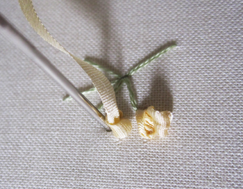 Thread the chenille needle with green silk ribbon. Come up from the back of the fabric, and lay the ribbon flat as shown. Insert the needle in the center of the ribbon, and pull through until the little curl forms on the end. Be very careful when you’re pulling! Pulling too much will pull the curl through, and the cute element of the stitch will be gone.
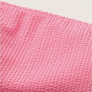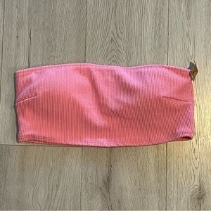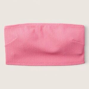 Brand new with tags VS PINK Crinkle Bikini Top from Victorias Secret. Longline bandeau style swim top, strapless and longline with a built in shelf bra with removable padded inserts. Inside is lined. Textured crinkle ribbed swim fabric is a bright bubblegum pink.
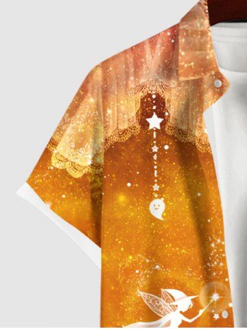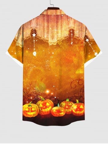 Men > Plus Size Halloween Pumpkin Moon Star Tassel Wizard Galaxy Glitter 3D Print Buttons Pocket Shirt For Men
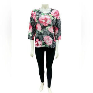 Alfred Dunner NWT Floral Quarter Sleeve Top Pink/Black/Green/White Size PM
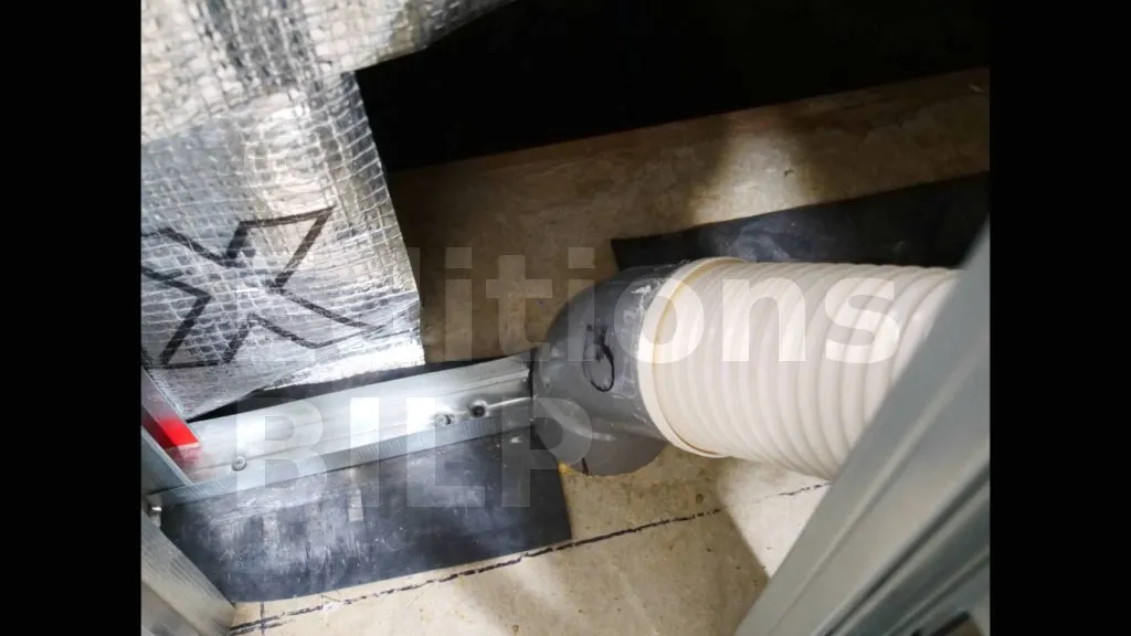 Pour raccorder l’attente d’évacuation avec la cuvette, nous avons utilisé un siphon accordéon. Ce type de raccord flexible offre l’avantage de s’adapter facilement à la position de la cuvette, même en cas de légers écarts. Son installation est simple : il suffit de l’emboîter dans le raccord en PVC à 45° tout en veillant à assurer une bonne étanchéité.
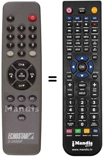 Fernbedienung, die das Original und die Gesamtheit seiner Funktionen, vollständig ersetzt. Es handelt sich jedoch nicht um eine Universalfernbedienung sondern um eine Fernbedienung die das Original ersetzt. Sie erhalten eine nach Einlegen der Batterien sofort einsatzbereite Fernbedienung. Jegliches Programmieren entfällt. Wir geben umfassende Garantie dafür, dass diese Fernbedienung alle Funktionen der Originalfernbedienung erfüllt.
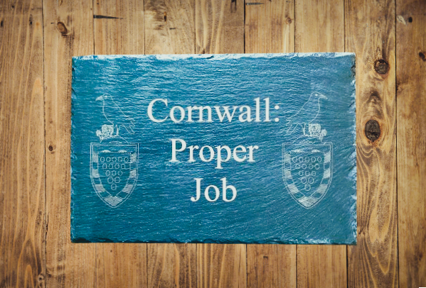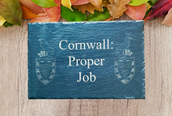 This delightful slate placemat or platter is a celebration of Cornwall - Kernow - and being Cornish or simply a lover of Cornwall and all things Cornish and it is a piece that remembers and recognises that most wonderful of Cornish phrases: "Proper Job" which is the Cornish way of saying something is really good.
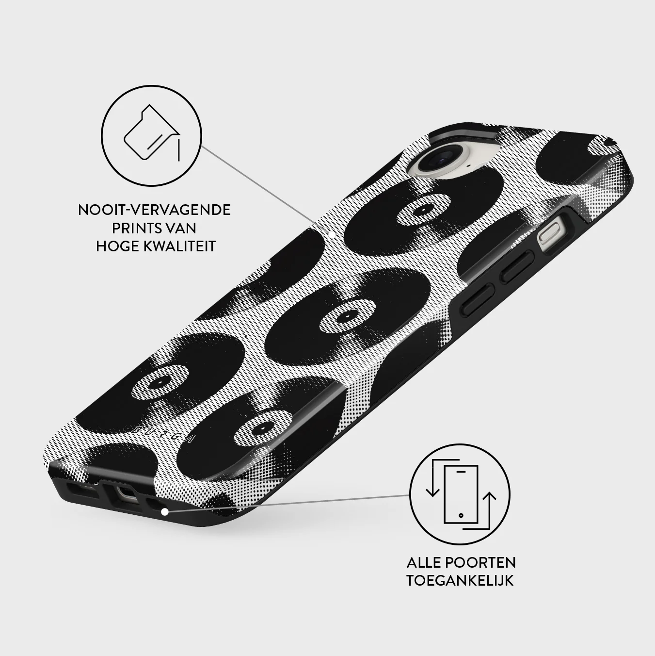 Kenmerken van dit design: vinylplaten, zwart-wit, muziek
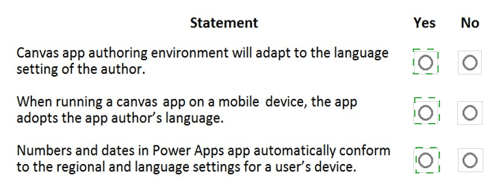 For each of the following statements, select Yes it the statement is true. Otherwise, select No.
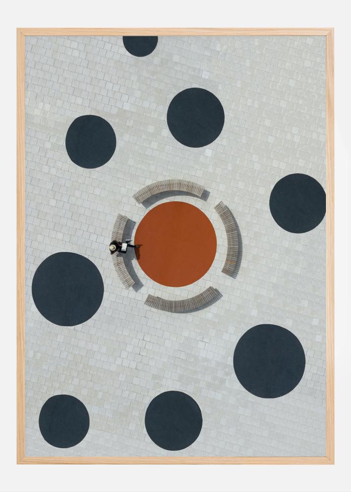 Táto konceptuálna grafika zachytáva výrazný, vtáčí pohľad na osobu čítajúcu, obklopenú symetrickou a grafickou kompozíciou. Abstraktný dizajn bieleho obkladaného povrchu, prerušovaný veľkými čiernymi kruhmi a centrálnym hrdzavočerveným kruhom s lavičkami, poskytuje silný vizuálny kontrast. Tento plagát nie je len poctou dizajnu a architektúre, ale aj hravou interpretáciou každodenných scén.
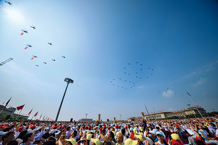 空中护旗梯队飞过天安门广场上空,拉开了阅兵分列式帷幕。摄影 段崴/人民画报
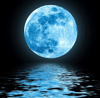 Imagine this, a beautiful blue moon reflected on the ocean.
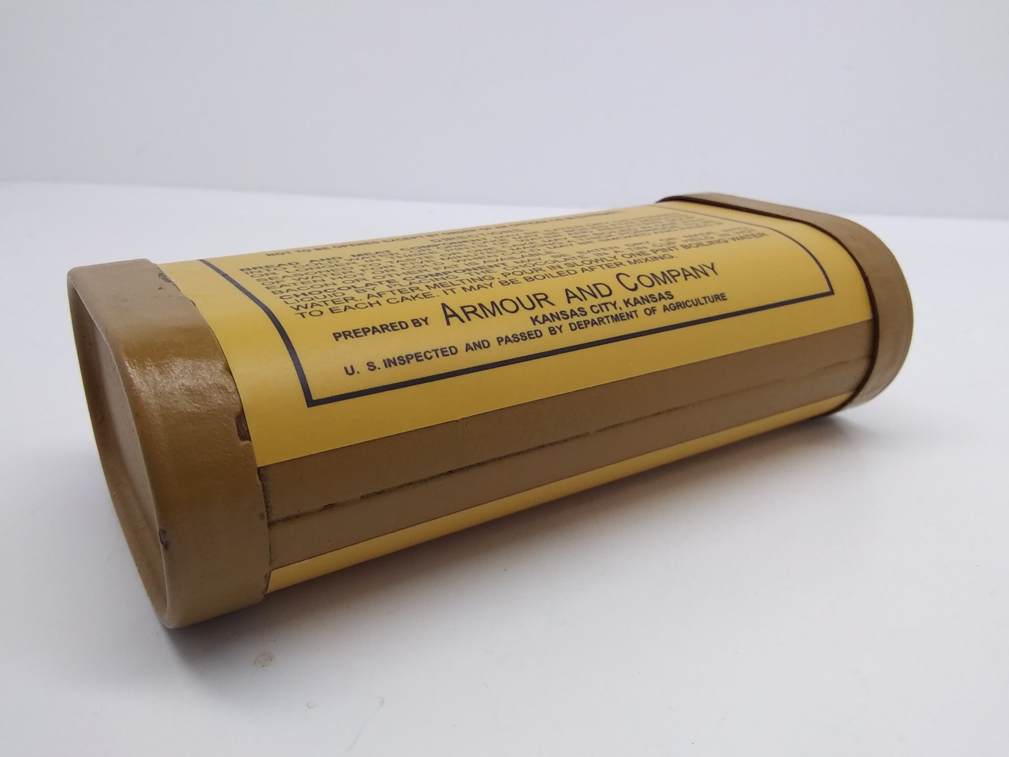 What Price Glory has produced some excellent reproductions, and without Jerry’s efforts the reenactment community at large would not have the broad spectrum of niche rare reproduction items that we do. The M1906 Armour and Company Emergency Ration Tin (link below) recently released is yet another example of a sorely needed item. There are some improvements which can be made to it though, those being a two-tone color scheme with a brighter yellow body as seen on originals, a primed interior to prevent rusting, and more accurate scaled markings.
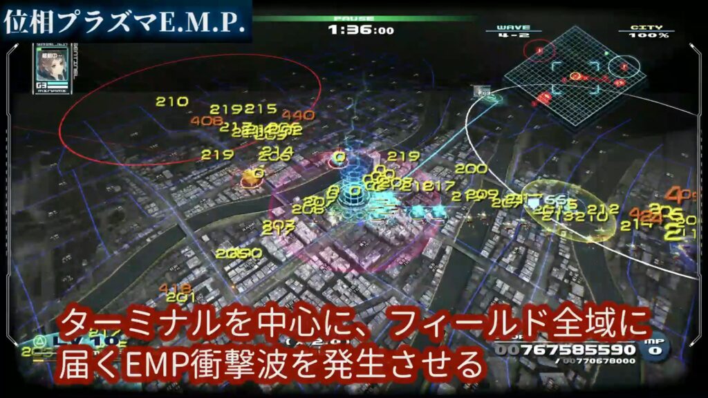 ターミナルを中心に、フィールド全域に届くEMP衝撃波を発生させます。

WHAT NEEDS TO BE DONE:
Leaving the pictures aside, write out only the lines from the one containing "空中护旗梯队飞过天安门广场上空,拉开了阅兵分列式帷幕。摄影 段崴/人民画报" through the end of the material, exactly as they stand.

YOUR SOLUTION:
 空中护旗梯队飞过天安门广场上空,拉开了阅兵分列式帷幕。摄影 段崴/人民画报
 Imagine this, a beautiful blue moon reflected on the ocean.
 What Price Glory has produced some excellent reproductions, and without Jerry’s efforts the reenactment community at large would not have the broad spectrum of niche rare reproduction items that we do. The M1906 Armour and Company Emergency Ration Tin (link below) recently released is yet another example of a sorely needed item. There are some improvements which can be made to it though, those being a two-tone color scheme with a brighter yellow body as seen on originals, a primed interior to prevent rusting, and more accurate scaled markings.
 ターミナルを中心に、フィールド全域に届くEMP衝撃波を発生させます。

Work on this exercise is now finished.